Entries below include pictures. Output exactly the lines from the one with "11月1日下午,由校学术委员" down to the one with "The 3D printer", both ends included, and leave the pictures out.

◆ **Provided data**
....

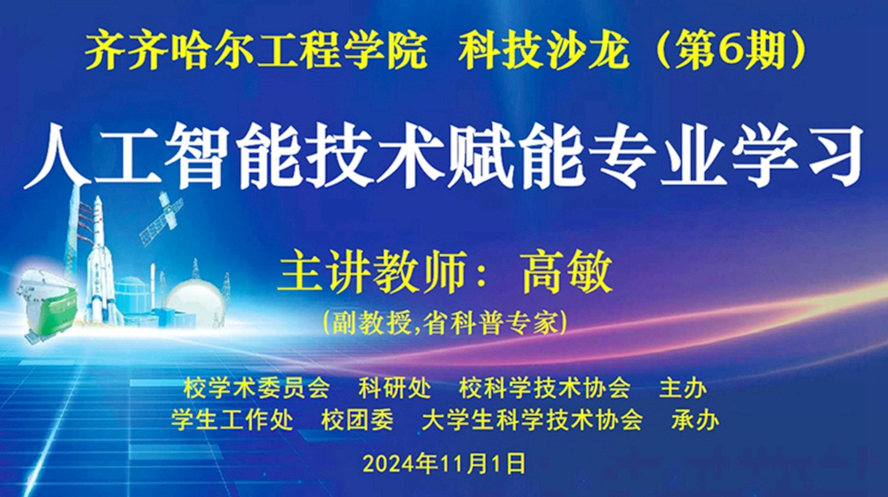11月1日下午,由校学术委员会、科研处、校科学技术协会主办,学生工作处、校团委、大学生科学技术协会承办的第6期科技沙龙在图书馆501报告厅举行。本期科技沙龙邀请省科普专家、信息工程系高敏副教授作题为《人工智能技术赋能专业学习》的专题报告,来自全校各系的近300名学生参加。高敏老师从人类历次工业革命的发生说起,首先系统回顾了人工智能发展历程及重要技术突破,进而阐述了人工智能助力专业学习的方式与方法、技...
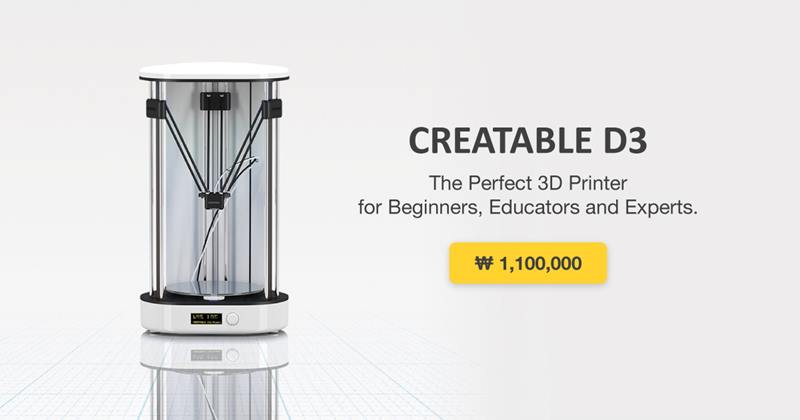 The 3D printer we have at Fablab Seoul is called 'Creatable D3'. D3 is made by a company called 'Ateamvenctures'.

....

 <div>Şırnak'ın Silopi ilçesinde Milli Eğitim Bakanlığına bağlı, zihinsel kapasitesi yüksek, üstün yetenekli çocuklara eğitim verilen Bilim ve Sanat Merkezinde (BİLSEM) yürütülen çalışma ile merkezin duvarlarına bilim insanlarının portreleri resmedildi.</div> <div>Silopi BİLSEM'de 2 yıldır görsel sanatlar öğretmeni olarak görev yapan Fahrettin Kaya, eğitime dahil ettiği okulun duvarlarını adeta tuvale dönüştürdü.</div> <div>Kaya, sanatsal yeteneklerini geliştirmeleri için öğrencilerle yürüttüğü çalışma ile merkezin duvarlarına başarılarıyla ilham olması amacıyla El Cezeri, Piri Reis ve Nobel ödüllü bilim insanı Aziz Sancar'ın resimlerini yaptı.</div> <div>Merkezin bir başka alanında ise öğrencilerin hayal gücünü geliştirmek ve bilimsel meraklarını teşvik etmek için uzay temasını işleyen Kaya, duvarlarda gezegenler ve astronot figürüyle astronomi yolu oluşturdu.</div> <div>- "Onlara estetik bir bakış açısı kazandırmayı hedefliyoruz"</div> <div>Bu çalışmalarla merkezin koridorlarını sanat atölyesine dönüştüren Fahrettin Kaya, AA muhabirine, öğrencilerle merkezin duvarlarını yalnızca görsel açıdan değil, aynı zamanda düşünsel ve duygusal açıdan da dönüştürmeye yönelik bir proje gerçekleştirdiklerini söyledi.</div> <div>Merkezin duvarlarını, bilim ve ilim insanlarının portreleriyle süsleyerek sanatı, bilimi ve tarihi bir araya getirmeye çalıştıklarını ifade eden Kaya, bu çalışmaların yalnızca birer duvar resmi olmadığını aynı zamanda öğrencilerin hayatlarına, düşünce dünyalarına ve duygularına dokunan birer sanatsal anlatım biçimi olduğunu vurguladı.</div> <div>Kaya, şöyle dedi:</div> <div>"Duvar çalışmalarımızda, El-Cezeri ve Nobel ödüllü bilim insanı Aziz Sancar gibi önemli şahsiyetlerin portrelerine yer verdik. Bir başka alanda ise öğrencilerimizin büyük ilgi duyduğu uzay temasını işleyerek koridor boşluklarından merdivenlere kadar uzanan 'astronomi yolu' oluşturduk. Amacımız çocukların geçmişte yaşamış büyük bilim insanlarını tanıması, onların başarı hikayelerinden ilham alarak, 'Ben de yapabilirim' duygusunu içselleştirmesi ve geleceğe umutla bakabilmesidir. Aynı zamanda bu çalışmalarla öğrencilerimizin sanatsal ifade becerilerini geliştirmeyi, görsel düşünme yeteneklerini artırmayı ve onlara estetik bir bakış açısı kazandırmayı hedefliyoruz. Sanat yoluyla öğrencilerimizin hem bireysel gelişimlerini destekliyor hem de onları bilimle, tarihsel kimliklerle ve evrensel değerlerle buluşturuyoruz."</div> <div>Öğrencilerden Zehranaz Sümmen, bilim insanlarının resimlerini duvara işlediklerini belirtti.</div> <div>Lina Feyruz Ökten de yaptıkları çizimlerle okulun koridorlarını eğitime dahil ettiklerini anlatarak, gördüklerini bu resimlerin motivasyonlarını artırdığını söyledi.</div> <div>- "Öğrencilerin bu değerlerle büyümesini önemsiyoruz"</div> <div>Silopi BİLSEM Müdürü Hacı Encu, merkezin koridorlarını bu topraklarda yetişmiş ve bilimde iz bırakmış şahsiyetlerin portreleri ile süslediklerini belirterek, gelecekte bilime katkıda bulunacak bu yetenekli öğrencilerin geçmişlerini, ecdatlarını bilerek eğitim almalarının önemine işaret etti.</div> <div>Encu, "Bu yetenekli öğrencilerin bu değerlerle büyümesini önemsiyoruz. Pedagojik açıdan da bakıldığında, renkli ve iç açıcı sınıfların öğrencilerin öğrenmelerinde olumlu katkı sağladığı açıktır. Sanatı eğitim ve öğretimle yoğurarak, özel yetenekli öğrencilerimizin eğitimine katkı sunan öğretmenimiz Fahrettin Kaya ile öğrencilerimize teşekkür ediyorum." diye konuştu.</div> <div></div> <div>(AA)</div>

....

◆ **Response**
11月1日下午,由校学术委员会、科研处、校科学技术协会主办,学生工作处、校团委、大学生科学技术协会承办的第6期科技沙龙在图书馆501报告厅举行。本期科技沙龙邀请省科普专家、信息工程系高敏副教授作题为《人工智能技术赋能专业学习》的专题报告,来自全校各系的近300名学生参加。高敏老师从人类历次工业革命的发生说起,首先系统回顾了人工智能发展历程及重要技术突破,进而阐述了人工智能助力专业学习的方式与方法、技...
 The 3D printer we have at Fablab Seoul is called 'Creatable D3'. D3 is made by a company called 'Ateamvenctures'.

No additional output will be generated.